Exercise: Pictures are to be left out; otherwise, copy exactly the lines from the line containing "Pumpkin and sunflower" through the end of the data.

-------- The input --------

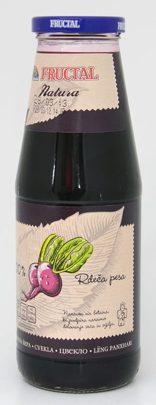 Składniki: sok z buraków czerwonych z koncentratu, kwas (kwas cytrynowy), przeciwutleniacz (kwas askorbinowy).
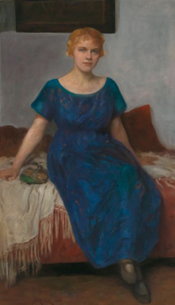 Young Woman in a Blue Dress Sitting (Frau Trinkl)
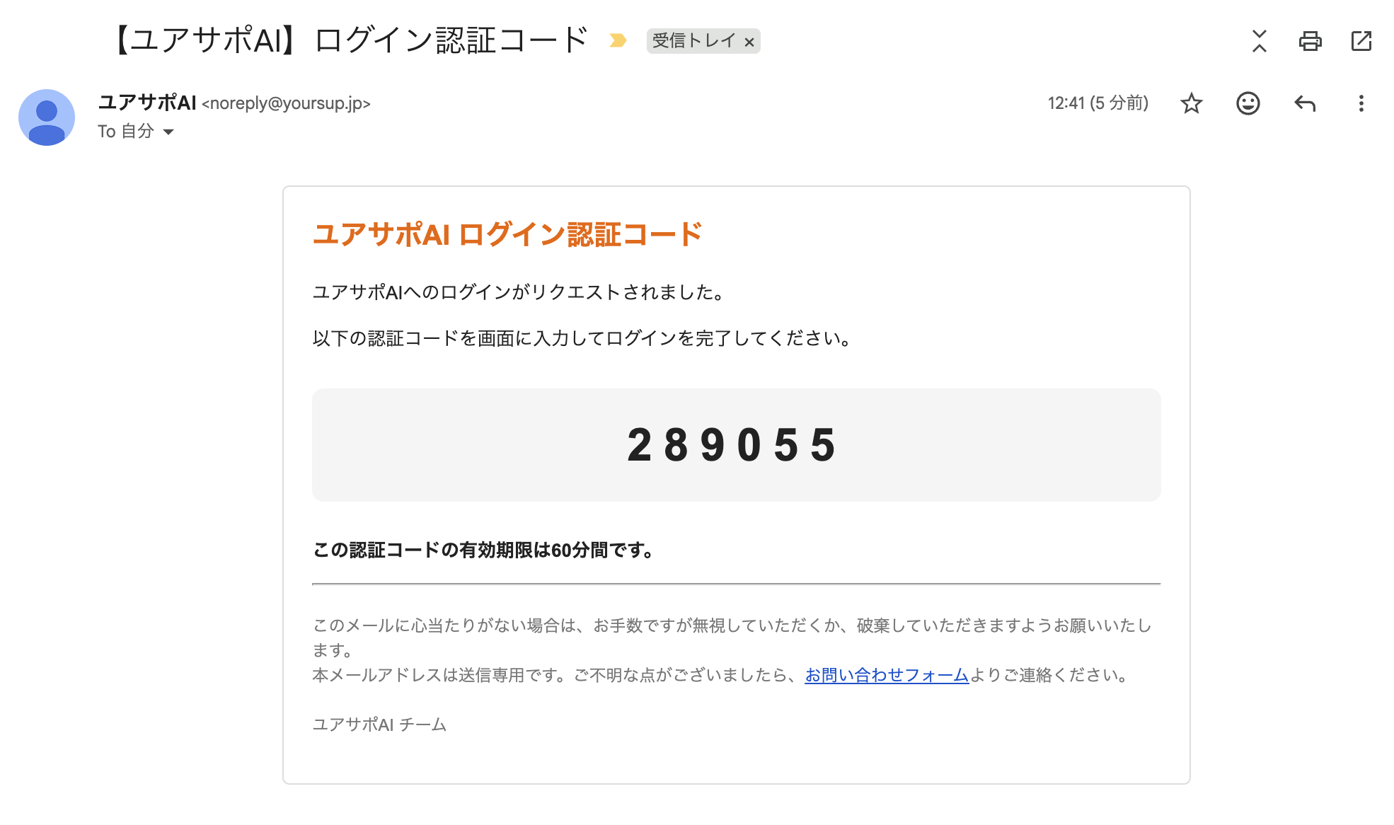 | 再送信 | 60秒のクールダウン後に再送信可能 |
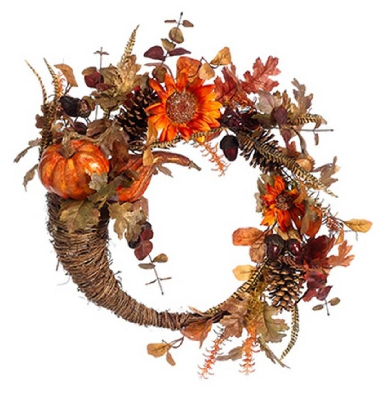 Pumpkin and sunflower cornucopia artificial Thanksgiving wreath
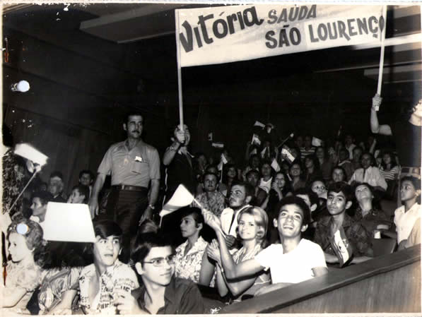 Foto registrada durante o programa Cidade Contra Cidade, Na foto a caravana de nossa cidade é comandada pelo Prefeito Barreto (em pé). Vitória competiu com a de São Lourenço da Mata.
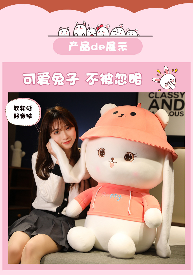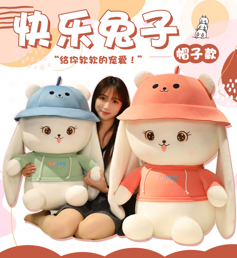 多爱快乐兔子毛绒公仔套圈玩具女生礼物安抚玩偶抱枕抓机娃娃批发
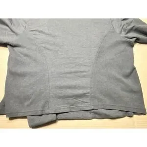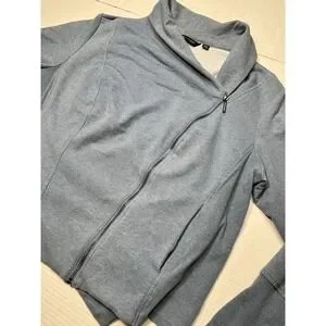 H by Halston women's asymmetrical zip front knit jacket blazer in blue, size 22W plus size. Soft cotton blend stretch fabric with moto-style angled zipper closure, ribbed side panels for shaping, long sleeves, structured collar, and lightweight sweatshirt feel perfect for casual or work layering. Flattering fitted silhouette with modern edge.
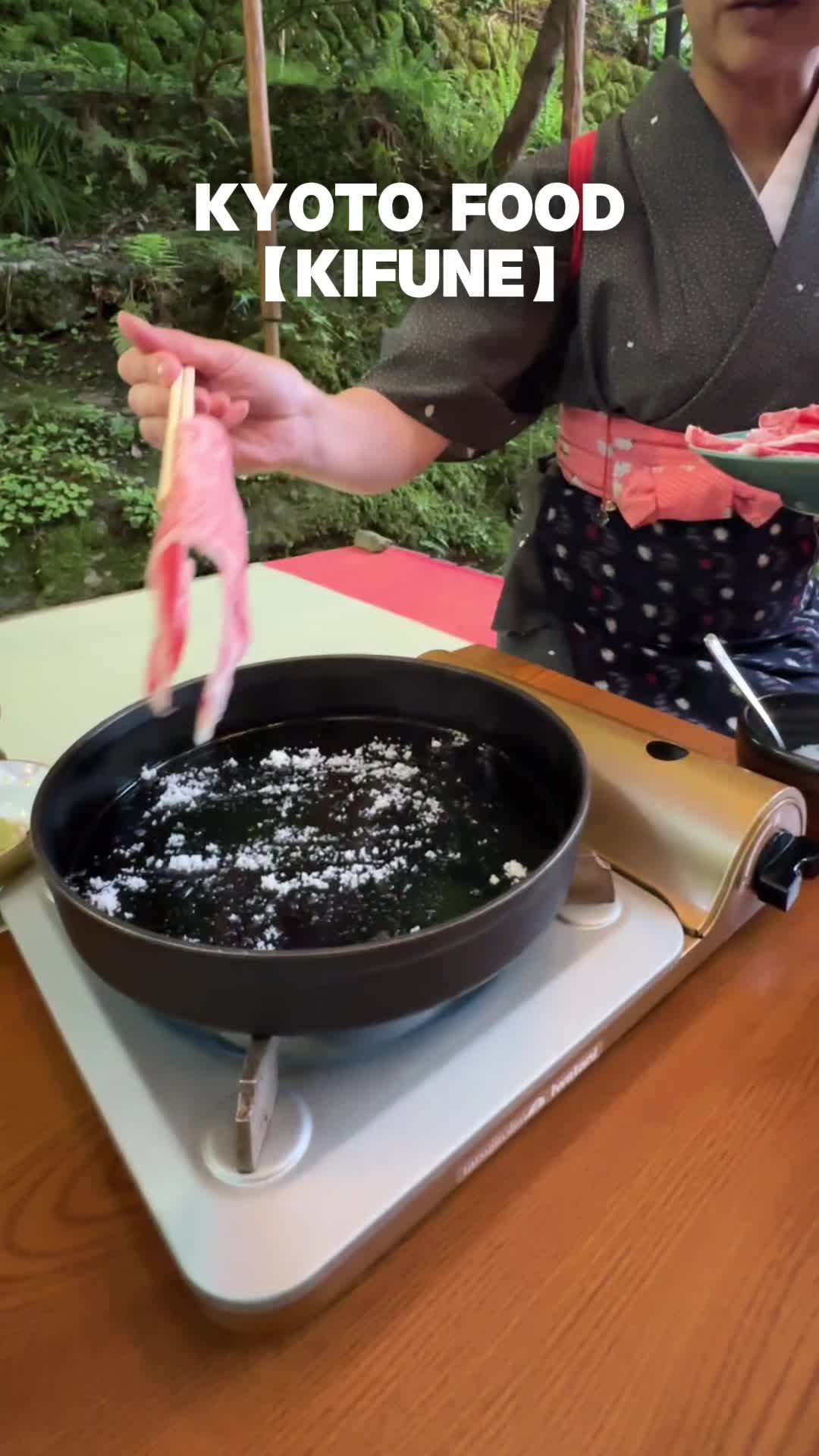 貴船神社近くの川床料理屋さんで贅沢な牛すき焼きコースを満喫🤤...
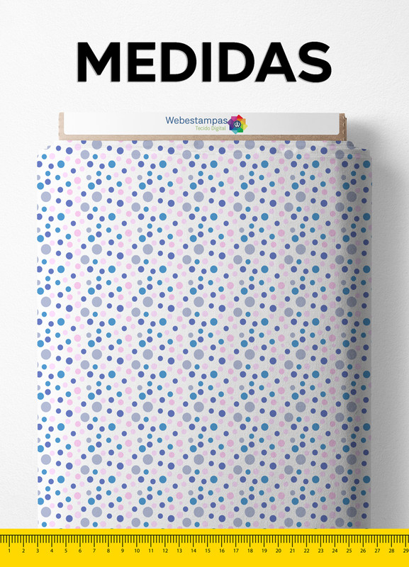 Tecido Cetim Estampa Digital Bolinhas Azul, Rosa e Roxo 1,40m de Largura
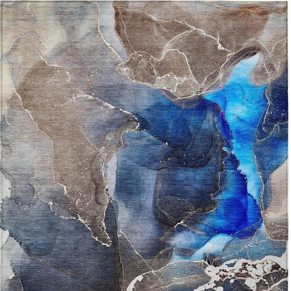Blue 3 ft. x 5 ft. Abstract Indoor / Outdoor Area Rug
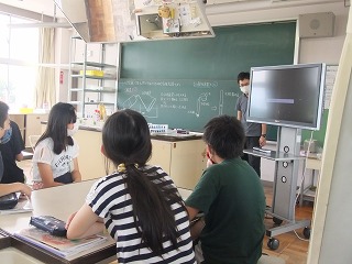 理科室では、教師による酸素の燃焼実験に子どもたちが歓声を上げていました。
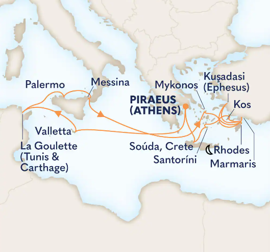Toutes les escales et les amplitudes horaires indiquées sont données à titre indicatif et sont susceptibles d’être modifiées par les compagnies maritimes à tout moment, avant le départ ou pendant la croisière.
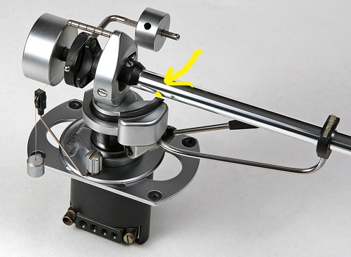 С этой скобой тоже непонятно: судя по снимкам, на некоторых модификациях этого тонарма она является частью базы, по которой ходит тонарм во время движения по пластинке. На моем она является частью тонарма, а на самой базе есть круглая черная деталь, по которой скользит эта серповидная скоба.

--------

The completed task:
 Pumpkin and sunflower cornucopia artificial Thanksgiving wreath
 Foto registrada durante o programa Cidade Contra Cidade, Na foto a caravana de nossa cidade é comandada pelo Prefeito Barreto (em pé). Vitória competiu com a de São Lourenço da Mata.
 多爱快乐兔子毛绒公仔套圈玩具女生礼物安抚玩偶抱枕抓机娃娃批发
 H by Halston women's asymmetrical zip front knit jacket blazer in blue, size 22W plus size. Soft cotton blend stretch fabric with moto-style angled zipper closure, ribbed side panels for shaping, long sleeves, structured collar, and lightweight sweatshirt feel perfect for casual or work layering. Flattering fitted silhouette with modern edge.
 貴船神社近くの川床料理屋さんで贅沢な牛すき焼きコースを満喫🤤...
 Tecido Cetim Estampa Digital Bolinhas Azul, Rosa e Roxo 1,40m de Largura
Blue 3 ft. x 5 ft. Abstract Indoor / Outdoor Area Rug
 理科室では、教師による酸素の燃焼実験に子どもたちが歓声を上げていました。
Toutes les escales et les amplitudes horaires indiquées sont données à titre indicatif et sont susceptibles d’être modifiées par les compagnies maritimes à tout moment, avant le départ ou pendant la croisière.
 С этой скобой тоже непонятно: судя по снимкам, на некоторых модификациях этого тонарма она является частью базы, по которой ходит тонарм во время движения по пластинке. На моем она является частью тонарма, а на самой базе есть круглая черная деталь, по которой скользит эта серповидная скоба.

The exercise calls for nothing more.